**Problem statement**:
When the line with "May He Give" turns up below, begin repeating exactly, and carry on through the line with "- Medium: Carved"; no pictures go into the copy.

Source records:
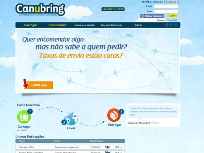 Vai viajar e quer um "extra" para ajudar a pagar a viagem? Ou quer comprar um produto que é vendido no exterior com um preço muito mais atrativo, mas não tem nenhuma viagem programada? Com o slogan de "ganhe levando, economize encomendando", a rede social "Canubring" (Você pode trazer) promete ajudar os dois lados a lucrarem usando vazio na mala. Segundo o site, a economia chega a até 70% para quem compra já que além de pagar um preço mais baixo pelo produto no exterior a pessoa também desembolsa um valor menor pelo transporte.
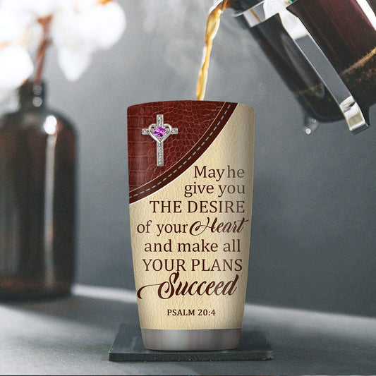 May He Give You The Desire Of Your Heart - Beautiful Personalized Cross Stainless Steel Tumbler 20oz NUM308
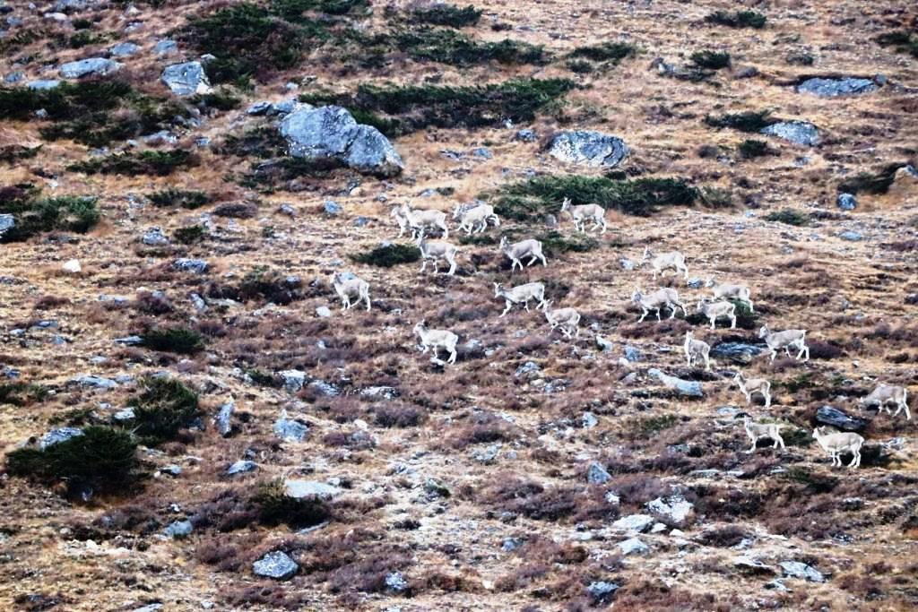 ताप्लेजुङको फक्ताङलुङ गाउँपालिका—५ स्थित कञ्चनजङ्घा संरक्षण क्षेत्रअन्तर्गतको कुम्भकर्ण हिमाल क्षेत्रमा देखिएका नाउर (वन भेडा)। उच्च हिमाली क्षेत्रमा पाइने नाउर दुर्लभ हिउँचितुवाको प्रमुख आहार हो। यस क्षेत्रमा हिउँचितुवा र नाउर दुबैको उपस्थिति रहेको छ । तस्बिरः दिलकुमार लिम्बू/रासस
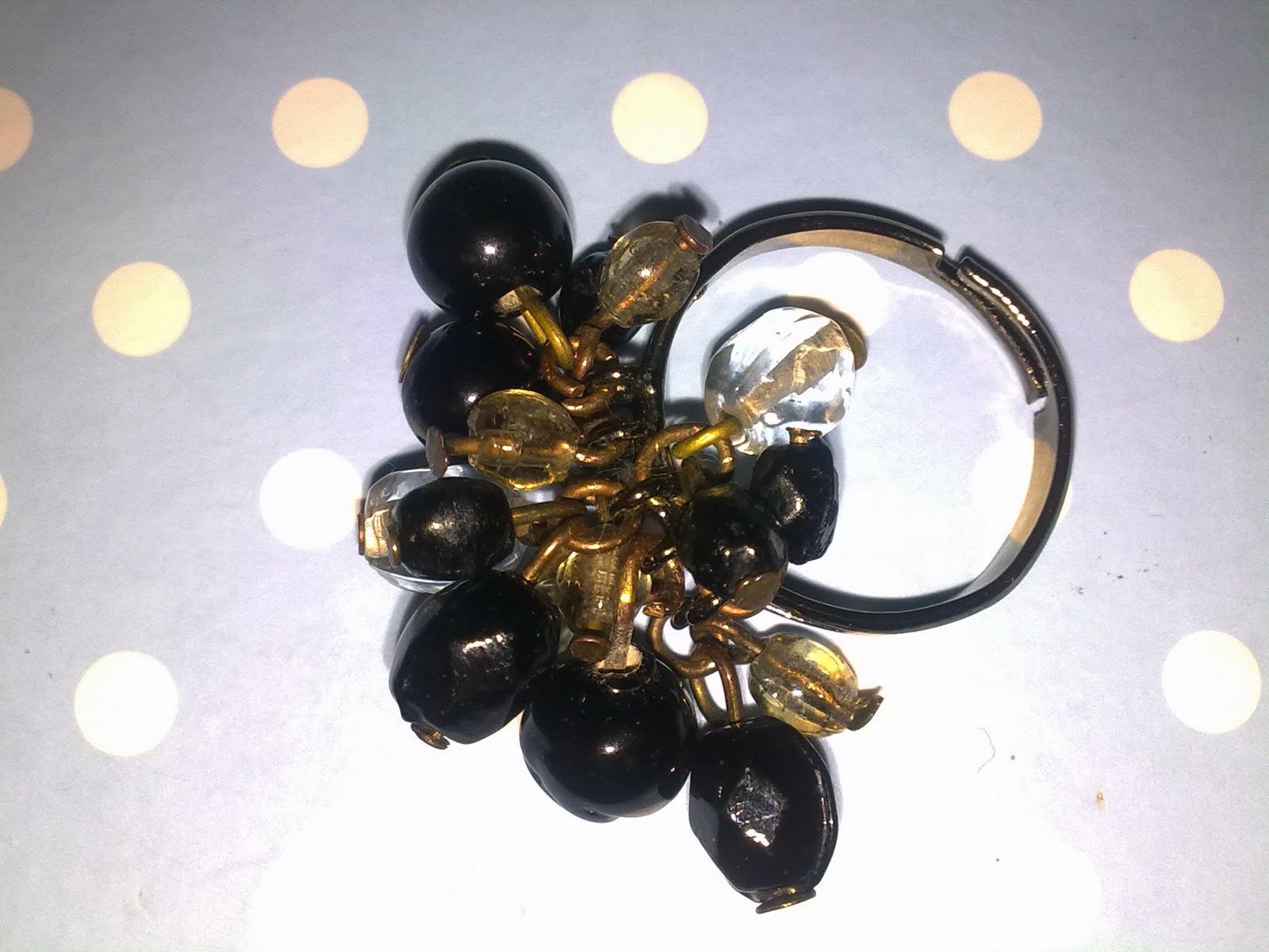 Tenía unos pendientes de una compi del cole sin arreglar hacía un tiempo y bueno me puse manos a la obra ayer. Resulta que le pesaban mucho porque llevaban muchos abalorios así que de unos pendientes he hecho dos pares de pendientes y un anillo a juego que espero le gusten! Aquí van las fotos! No son muy buenas porque las hice con el movil pero...
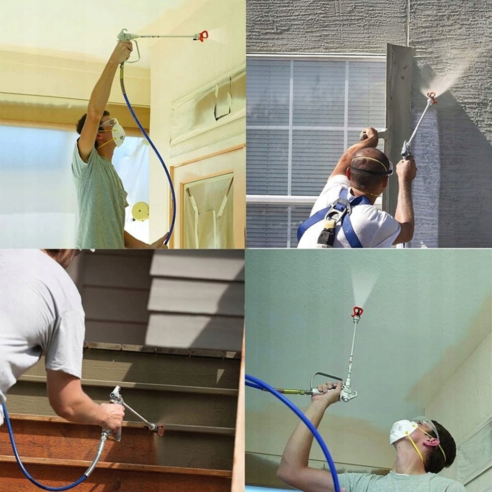 Это. Продукт эффективно устраняет любые неудобства, связанные с работой на лестницах и строительных лесах. Это также снижает нагрузку на спину и устраняет усталость при покраске крыш или полов. Кроме того, это помогает содержать инструменты в чистоте и обеспечивает лучший контроль при покраске стен. Это делает окраску распылением более эффективной, удобной и точной, позволяя добиться отличных результатов без особых усилий.
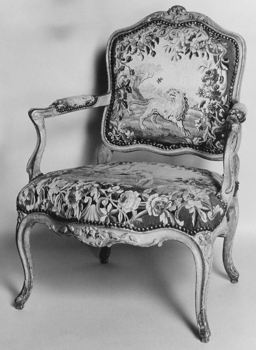 - Medium: Carved and painted walnut; Aubusson tapestry upholstery
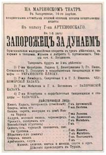Афіша прем’єри опери С. Гулака-Артемовського «Запорожець за Дунаєм»

**Result of this exercise**:
 May He Give You The Desire Of Your Heart - Beautiful Personalized Cross Stainless Steel Tumbler 20oz NUM308
 ताप्लेजुङको फक्ताङलुङ गाउँपालिका—५ स्थित कञ्चनजङ्घा संरक्षण क्षेत्रअन्तर्गतको कुम्भकर्ण हिमाल क्षेत्रमा देखिएका नाउर (वन भेडा)। उच्च हिमाली क्षेत्रमा पाइने नाउर दुर्लभ हिउँचितुवाको प्रमुख आहार हो। यस क्षेत्रमा हिउँचितुवा र नाउर दुबैको उपस्थिति रहेको छ । तस्बिरः दिलकुमार लिम्बू/रासस
 Tenía unos pendientes de una compi del cole sin arreglar hacía un tiempo y bueno me puse manos a la obra ayer. Resulta que le pesaban mucho porque llevaban muchos abalorios así que de unos pendientes he hecho dos pares de pendientes y un anillo a juego que espero le gusten! Aquí van las fotos! No son muy buenas porque las hice con el movil pero...
 Это. Продукт эффективно устраняет любые неудобства, связанные с работой на лестницах и строительных лесах. Это также снижает нагрузку на спину и устраняет усталость при покраске крыш или полов. Кроме того, это помогает содержать инструменты в чистоте и обеспечивает лучший контроль при покраске стен. Это делает окраску распылением более эффективной, удобной и точной, позволяя добиться отличных результатов без особых усилий.
 - Medium: Carved and painted walnut; Aubusson tapestry upholstery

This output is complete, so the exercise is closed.